§ Data to examine:
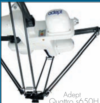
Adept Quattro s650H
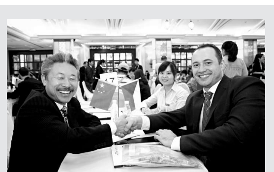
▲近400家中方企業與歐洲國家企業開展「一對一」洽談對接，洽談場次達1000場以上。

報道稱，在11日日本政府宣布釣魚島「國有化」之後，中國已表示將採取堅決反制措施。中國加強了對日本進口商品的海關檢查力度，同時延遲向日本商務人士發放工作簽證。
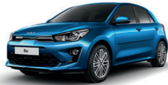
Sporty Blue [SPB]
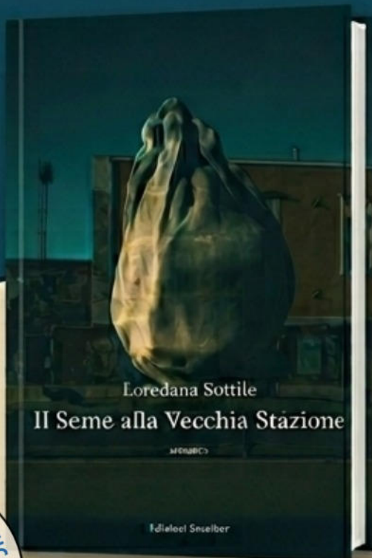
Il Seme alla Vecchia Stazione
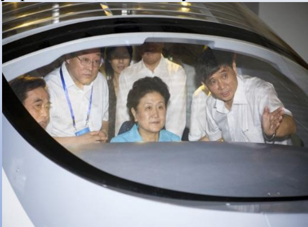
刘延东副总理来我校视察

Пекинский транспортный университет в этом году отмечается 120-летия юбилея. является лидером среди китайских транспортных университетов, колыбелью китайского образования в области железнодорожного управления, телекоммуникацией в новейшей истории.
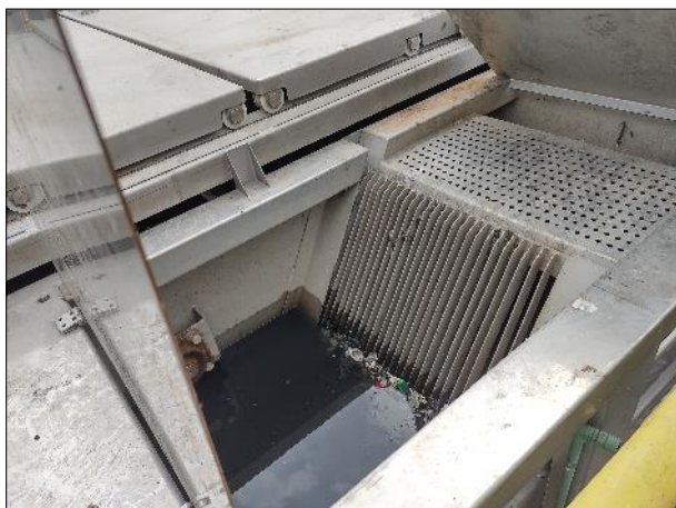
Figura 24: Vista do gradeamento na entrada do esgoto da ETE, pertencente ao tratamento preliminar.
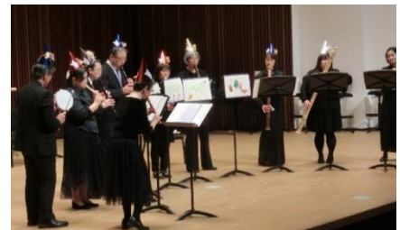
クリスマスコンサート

...

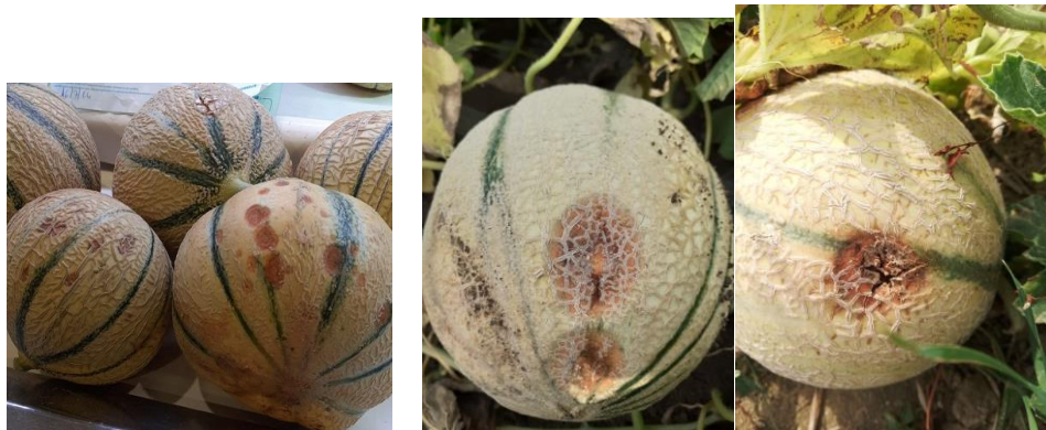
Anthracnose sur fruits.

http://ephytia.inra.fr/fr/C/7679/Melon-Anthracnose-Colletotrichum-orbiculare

--

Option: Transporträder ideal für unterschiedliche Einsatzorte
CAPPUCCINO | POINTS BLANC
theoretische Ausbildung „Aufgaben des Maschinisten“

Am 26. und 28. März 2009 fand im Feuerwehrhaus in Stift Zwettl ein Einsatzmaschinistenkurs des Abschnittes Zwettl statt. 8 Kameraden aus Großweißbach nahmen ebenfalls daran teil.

§ Work order: Work out how many lines of the material include the word "Anthracnose", then answer with that number alone.

§ Final answer: 2